Miei cari, mi riferisco a voi due e a tutti i professionisti della nobile arte, io non ci sto e non ci stanno al massa degli italiani che hanno visto nel corso della loro vita come si comportano i politici che nascono, stranamente quasi tutti onesti, e poi nel divenire si trasformano in affamati di potere e soldi, soldi e ancora soldi. Spesso e volentieri diventano pure dittatori crudeli, dittatori sanguinari. Tantissimi gli esempi che potremmo elencare… Per concludere, e mi rifaccio al duo D’Alema-Parisi, la vostra politica cromatica e nebulosa andate a raccontarla altrove: agli ingenui che come il vostro emulo Silvio Berlusconi è riuscito per vent’anni a fottere milioni e milioni di coglioni.

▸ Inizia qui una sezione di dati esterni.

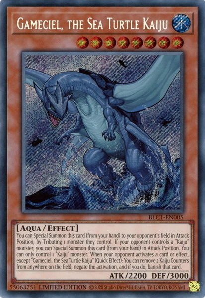 - BLC1-EN005 Gameciel, the Sea Turtle Kaiju : Secret Rare Limited Edition YuGiOh Card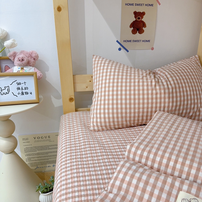 商品名称:有货 2024新款水洗全棉学生大豆夏被被套床盖三件套 粉小格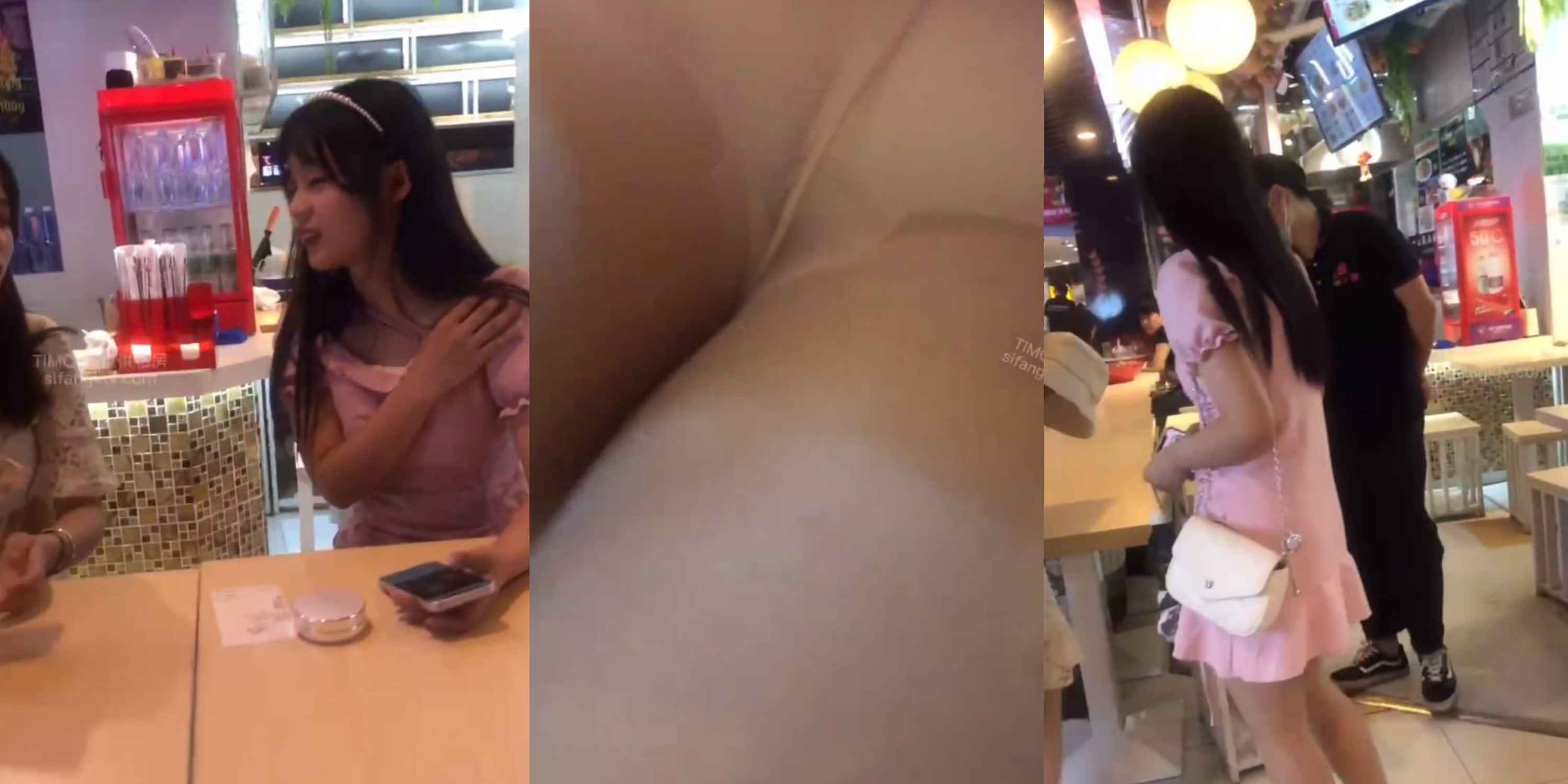 和男友逛街!裙底白色内裤被翘臀勒成细线,腿根春光全漏

- · “C’E’ DA TAGLIARE, MA NON SI SOGNINO DI TOCCARE LA SCUOLA”. Il segretario della Cisl, Raffaele Bonanni, dichiara: “L’operazione messa in piedi, tagliare nella scuola, mi preoccupa moltissimo. Intervengano sull’apparato amministrativo, ma con criterio. Per rianimare l’economia è necessario correggere gli squilibri macroeconomici nell’euro-zona attraverso la spinta sostenibile alla domanda interna. Ma, a tal fine, politiche nazionali sono impossibili, dati gli obiettivi assurdi di finanza pubblica imposti dal «Fiscal compact» e l’indisponibilità culturale prima che politica, ad affrontare le paralizzanti sperequazioni nella distribuzione della ricchezza. Le catene da spezzare sono l’aumento della disoccupazione, la perdita di potere di acquisto delle retribuzioni, l’assottigliamento dei risparmi delle famiglie, l’enorme capacità produttiva inutilizzata delle imprese, causa, quest’ultima, ben più rilevante per la caduta degli investimenti e delle difficoltà di accesso al credito”.
- · E’ BATTAGLIA SULL’IMU e il Pd chiede che si aumentino le detrazioni.
- · FRANCO GALLO VICEPRESIDENTE DELLA CONSULTA OSPITE DEL PREMIO LEF, CONSEGNATO A TRE DONNE, NELLA SUA LECTIO MAGISTRALIS PROSPETTA IL RUOLO DELL’IMPOSIZIONE TRIBUTARIA MENTRE AUMENTA LA DISTANZA TRA I BENESTANTI E I MENO ABBIENTI. UN FISCO, OGGI, CHE DEVE SERVIRE A DIMINUIRE LE DISUGUAGLIANZE.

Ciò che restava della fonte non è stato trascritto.